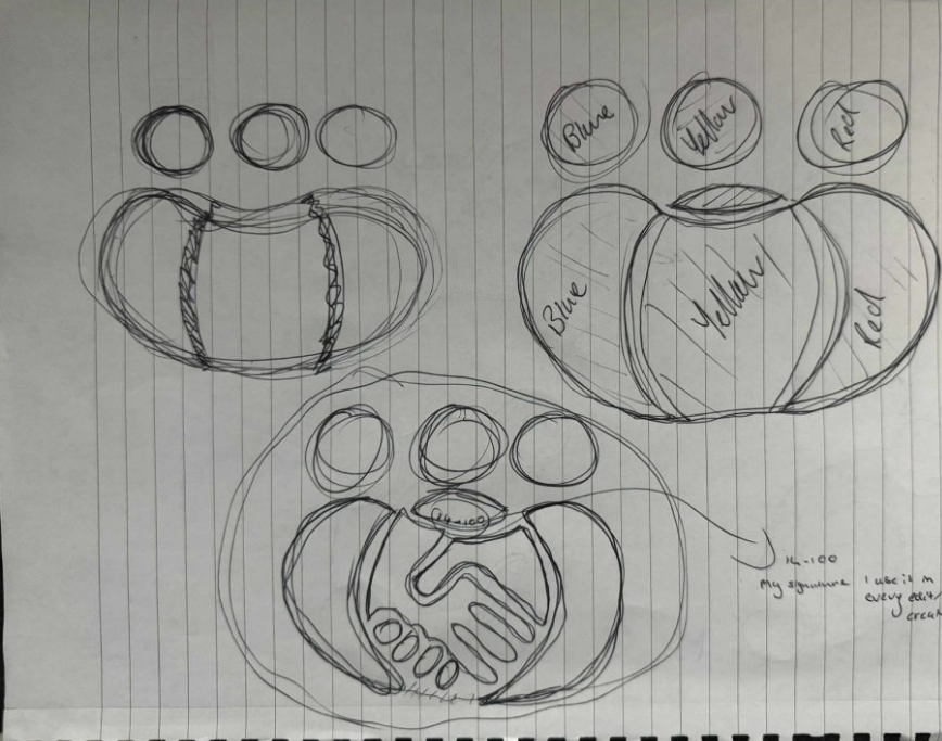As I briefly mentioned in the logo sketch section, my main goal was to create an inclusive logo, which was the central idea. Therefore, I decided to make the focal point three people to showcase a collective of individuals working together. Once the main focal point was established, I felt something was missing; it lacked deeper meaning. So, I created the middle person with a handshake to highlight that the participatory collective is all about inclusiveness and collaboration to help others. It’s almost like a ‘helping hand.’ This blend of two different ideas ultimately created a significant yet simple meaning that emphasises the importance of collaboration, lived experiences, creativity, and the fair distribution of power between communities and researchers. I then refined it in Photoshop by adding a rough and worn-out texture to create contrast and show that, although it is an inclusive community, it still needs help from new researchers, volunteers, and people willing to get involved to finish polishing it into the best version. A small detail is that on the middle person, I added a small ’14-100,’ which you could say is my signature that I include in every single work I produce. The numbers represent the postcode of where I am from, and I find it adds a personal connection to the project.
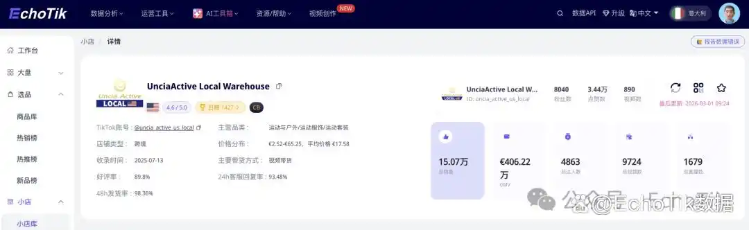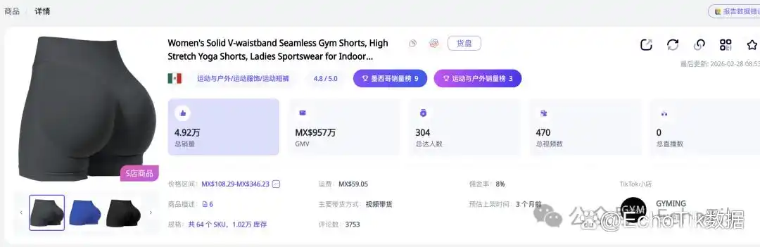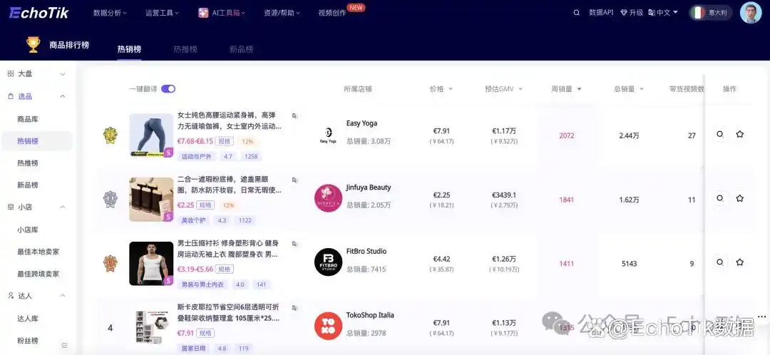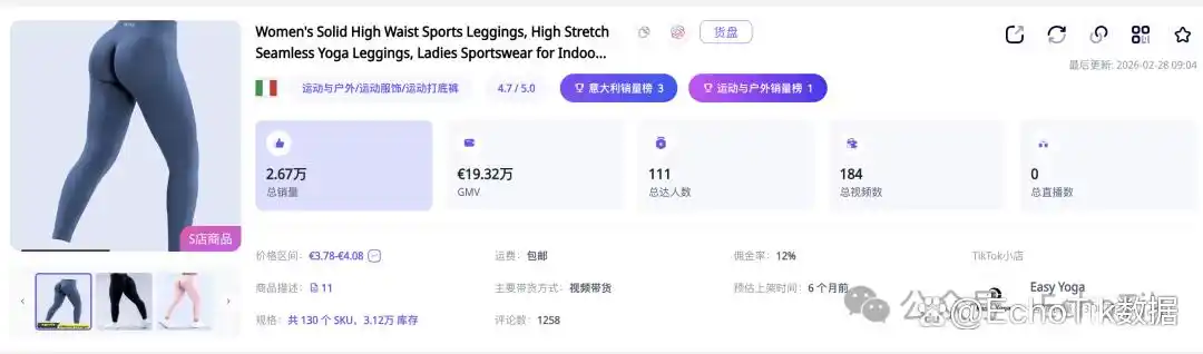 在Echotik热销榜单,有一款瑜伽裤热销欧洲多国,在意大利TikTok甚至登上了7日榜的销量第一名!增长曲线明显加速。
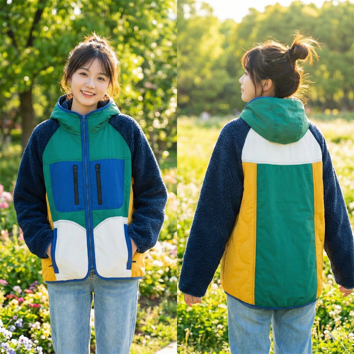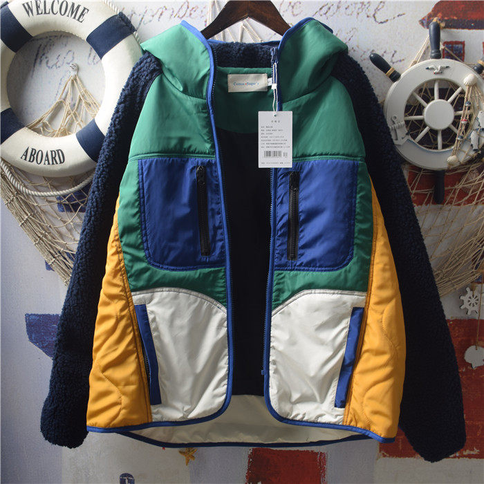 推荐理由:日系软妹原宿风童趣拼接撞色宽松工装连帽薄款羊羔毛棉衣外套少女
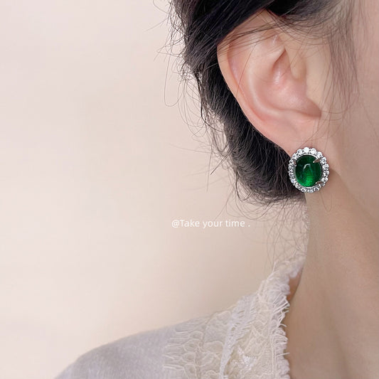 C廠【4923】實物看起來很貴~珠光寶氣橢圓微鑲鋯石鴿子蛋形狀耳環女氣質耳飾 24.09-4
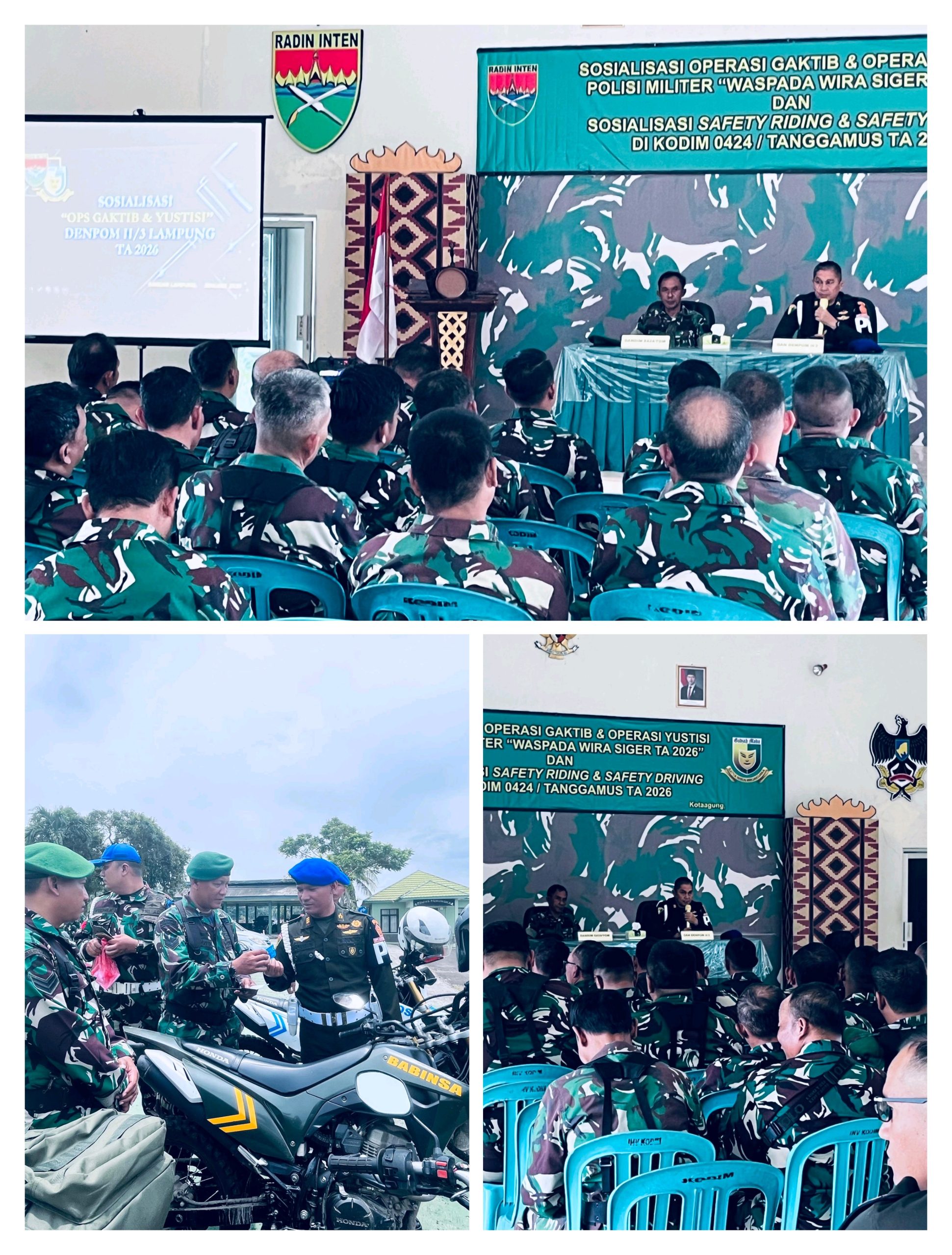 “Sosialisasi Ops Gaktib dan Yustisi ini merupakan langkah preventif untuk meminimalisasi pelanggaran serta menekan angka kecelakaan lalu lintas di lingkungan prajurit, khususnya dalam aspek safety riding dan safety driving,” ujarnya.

* * *

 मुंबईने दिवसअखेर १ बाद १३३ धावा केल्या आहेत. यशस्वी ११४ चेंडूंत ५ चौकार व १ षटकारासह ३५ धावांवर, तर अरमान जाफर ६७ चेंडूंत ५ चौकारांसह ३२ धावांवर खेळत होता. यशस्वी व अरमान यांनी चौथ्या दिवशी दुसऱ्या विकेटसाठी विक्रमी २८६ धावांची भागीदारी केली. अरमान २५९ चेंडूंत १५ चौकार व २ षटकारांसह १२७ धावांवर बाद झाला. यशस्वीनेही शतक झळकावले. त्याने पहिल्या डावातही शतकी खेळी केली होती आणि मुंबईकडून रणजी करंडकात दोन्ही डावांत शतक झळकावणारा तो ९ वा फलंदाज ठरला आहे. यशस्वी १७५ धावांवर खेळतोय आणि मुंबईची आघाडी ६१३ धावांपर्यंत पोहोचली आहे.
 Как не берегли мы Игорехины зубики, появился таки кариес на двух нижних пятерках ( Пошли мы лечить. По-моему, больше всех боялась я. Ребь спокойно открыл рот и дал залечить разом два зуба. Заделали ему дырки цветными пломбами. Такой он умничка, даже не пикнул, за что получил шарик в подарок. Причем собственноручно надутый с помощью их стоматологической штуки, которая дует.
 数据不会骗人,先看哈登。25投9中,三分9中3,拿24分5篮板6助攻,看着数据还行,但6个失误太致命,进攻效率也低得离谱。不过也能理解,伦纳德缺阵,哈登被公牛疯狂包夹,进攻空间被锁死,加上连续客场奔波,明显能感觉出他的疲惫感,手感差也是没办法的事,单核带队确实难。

> Your goal
Copy the entries above exactly, but only the stretch from the line containing "推荐理由:日系软妹原宿风童趣拼接撞色宽松工装连帽薄款羊羔毛棉衣外套少女" through the line containing "Ops Gaktib dan". Keep both end lines; drop the pictures.

> Result for this exercise
 推荐理由:日系软妹原宿风童趣拼接撞色宽松工装连帽薄款羊羔毛棉衣外套少女
 C廠【4923】實物看起來很貴~珠光寶氣橢圓微鑲鋯石鴿子蛋形狀耳環女氣質耳飾 24.09-4
 “Sosialisasi Ops Gaktib dan Yustisi ini merupakan langkah preventif untuk meminimalisasi pelanggaran serta menekan angka kecelakaan lalu lintas di lingkungan prajurit, khususnya dalam aspek safety riding dan safety driving,” ujarnya.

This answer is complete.